I am hoping someone can check this code to ensure that I have interpreted the various pieces of PCA correctly. I am trying to figure out a way to identify the leading contributors to the performance of multiple securities. For example, one idea I had was to run a multivariate regression using the securities returns as dependent variables and include things like oil, the dollar, the euro, treasury yields, etc. E.g., SBUX + AAPL + MCD + BAC + TWTR = intercept + oil + dollar + euro + steel + gold + e
I then thought that PCA would probably be better suited for this type of exercise. Here is my code from R. The csv file consists of a matrix of 900 securities and 30 rows (30 daily returns for 900 securities)
FD <- read.csv("U:/Personal Projects/R/Data Files/FD Securities Jan 2015.csv")
#Removes columns with any na values
FD1 <- FD[, sapply(FD, function(x) !any(is.na(x)))]
#removes "zero/constant variance" columns, which I think are NaNs I couldnt erase using is.nan
FD2 <- FD1[,apply(FD1, 2, var, na.rm=TRUE) != 0]
#Calc PCs using singe value decomposition (prcomp). Should data be a correlation matrix of the variables? I get reasonable looking results both ways, i.e., PC1 explains 30-50% of variance, PC2 ~10%-15%, etc.
FD2.pca <- prcomp(cor(FD2), retx = TRUE, scale = TRUE)
summary(FD2.pca)
plot(FD2.pca)
#These are the 'loadings', i.e., coefficients used for each linear combination?

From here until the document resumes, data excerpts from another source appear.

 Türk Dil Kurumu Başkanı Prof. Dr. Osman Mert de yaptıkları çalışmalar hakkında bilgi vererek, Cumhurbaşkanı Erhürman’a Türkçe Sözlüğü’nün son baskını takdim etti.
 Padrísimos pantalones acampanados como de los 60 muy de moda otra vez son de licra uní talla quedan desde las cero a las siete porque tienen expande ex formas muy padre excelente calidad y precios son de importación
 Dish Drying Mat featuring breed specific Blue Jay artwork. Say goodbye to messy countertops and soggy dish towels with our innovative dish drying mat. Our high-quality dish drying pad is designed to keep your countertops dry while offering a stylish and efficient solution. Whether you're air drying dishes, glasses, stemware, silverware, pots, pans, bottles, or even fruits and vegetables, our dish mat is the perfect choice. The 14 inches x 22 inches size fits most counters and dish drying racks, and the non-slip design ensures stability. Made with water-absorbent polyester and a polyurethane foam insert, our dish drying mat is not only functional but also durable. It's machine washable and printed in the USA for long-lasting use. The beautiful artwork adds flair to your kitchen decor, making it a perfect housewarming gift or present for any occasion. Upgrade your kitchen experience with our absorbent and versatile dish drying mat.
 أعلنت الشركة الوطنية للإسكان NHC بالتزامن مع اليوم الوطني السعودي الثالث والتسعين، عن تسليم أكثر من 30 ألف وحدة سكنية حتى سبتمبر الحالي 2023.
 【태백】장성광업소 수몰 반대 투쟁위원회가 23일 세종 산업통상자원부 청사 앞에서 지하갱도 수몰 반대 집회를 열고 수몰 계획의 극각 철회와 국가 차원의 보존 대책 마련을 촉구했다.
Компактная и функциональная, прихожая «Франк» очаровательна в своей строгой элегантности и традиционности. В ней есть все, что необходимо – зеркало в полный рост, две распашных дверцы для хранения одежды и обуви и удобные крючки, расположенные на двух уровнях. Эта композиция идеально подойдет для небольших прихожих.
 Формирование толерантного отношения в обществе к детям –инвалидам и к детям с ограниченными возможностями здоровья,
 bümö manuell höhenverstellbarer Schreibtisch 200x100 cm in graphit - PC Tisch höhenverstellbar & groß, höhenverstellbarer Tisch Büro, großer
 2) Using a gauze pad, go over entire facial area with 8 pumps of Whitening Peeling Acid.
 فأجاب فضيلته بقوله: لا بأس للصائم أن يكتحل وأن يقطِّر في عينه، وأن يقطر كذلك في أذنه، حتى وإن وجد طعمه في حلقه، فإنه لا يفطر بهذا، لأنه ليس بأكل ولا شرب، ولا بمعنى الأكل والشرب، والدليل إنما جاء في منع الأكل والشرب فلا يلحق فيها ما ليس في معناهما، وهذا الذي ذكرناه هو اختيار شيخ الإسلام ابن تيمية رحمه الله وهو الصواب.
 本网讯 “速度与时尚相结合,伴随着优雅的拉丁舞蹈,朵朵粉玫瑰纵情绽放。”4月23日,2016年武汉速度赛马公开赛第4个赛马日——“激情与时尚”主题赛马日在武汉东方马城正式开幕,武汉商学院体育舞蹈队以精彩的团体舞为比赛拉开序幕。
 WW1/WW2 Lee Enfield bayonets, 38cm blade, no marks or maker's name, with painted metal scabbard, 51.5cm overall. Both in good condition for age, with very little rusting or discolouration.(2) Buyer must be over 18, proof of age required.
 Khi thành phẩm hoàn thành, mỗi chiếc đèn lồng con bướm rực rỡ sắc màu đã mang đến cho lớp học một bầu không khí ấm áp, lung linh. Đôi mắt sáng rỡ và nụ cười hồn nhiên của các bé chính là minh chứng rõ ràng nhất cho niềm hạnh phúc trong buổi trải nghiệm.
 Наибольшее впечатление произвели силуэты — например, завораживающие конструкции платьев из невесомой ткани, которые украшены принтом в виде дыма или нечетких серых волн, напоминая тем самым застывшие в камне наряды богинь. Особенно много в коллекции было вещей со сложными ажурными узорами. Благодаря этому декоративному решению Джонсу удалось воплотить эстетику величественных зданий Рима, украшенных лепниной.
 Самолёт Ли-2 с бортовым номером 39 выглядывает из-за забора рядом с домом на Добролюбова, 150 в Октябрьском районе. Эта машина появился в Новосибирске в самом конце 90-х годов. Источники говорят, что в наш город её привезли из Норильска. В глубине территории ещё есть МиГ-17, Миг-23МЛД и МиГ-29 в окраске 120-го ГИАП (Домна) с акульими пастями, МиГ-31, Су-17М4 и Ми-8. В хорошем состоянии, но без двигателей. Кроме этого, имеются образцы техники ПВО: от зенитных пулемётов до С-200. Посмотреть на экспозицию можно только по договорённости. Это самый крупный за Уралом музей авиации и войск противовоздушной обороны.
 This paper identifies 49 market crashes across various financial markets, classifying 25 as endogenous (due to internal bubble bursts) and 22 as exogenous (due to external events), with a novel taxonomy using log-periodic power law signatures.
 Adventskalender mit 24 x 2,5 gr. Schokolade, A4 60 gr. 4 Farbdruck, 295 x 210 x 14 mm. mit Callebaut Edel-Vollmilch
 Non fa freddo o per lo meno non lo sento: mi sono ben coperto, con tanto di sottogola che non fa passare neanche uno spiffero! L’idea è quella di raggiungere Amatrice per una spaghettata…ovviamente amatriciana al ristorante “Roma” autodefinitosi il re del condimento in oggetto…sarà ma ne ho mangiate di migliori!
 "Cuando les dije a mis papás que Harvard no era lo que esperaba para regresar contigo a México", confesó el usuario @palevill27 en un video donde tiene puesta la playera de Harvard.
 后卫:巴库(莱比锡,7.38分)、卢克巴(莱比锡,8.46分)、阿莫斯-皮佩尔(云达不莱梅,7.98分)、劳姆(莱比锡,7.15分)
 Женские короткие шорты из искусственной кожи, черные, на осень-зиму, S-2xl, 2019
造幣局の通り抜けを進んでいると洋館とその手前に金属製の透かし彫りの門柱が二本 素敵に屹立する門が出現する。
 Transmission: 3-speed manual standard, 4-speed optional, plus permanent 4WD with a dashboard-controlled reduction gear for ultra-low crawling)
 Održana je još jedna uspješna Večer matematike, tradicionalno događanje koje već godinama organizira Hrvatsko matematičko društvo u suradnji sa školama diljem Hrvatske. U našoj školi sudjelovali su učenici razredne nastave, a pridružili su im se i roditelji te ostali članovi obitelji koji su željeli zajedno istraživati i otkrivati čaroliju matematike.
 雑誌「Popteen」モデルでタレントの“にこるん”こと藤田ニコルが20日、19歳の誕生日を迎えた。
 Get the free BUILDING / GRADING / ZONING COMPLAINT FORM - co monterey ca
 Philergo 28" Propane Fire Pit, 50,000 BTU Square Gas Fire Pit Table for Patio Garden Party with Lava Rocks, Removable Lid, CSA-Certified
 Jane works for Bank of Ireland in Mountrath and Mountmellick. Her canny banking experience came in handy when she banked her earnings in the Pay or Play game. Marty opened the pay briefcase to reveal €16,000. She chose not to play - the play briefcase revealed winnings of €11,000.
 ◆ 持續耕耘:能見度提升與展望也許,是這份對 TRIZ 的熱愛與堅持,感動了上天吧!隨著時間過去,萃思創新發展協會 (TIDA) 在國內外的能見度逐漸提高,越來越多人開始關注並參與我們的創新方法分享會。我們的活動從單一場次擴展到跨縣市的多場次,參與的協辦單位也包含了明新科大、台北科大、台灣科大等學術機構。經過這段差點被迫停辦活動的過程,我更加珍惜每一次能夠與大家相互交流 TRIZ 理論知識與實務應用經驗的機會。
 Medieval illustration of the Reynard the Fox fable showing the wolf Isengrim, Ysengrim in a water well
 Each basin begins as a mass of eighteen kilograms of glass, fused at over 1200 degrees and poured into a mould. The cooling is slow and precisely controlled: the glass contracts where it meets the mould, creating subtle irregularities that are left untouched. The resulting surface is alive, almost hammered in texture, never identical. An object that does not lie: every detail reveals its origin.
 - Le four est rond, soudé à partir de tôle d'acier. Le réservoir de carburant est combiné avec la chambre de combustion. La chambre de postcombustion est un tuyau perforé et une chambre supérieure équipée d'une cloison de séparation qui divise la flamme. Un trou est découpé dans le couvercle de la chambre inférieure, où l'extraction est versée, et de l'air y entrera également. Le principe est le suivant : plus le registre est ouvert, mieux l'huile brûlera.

as.matrix(FD2.pca$rotation[,1])
#I think these "scores" are the coefficients of interest, as they incorporate the factor weightings because the output is pca$rotation * scale (stddev of each factor)
as.matrix(FD2.pca$x[,1]) as.matrix(FD2.pca$x[,2]) as.matrix(FD2.pca$x[,3]) as.matrix(FD2.pca$x[,4])
#Scatterplot of the first two principal components. Not sure if this is right of if $x should be used.
plot(x = FD2.pca$rotation[,1], FD2.pca$rotation[,2], xlab = "PC1", ylab = "PC2", main="Principal Component Analysis:")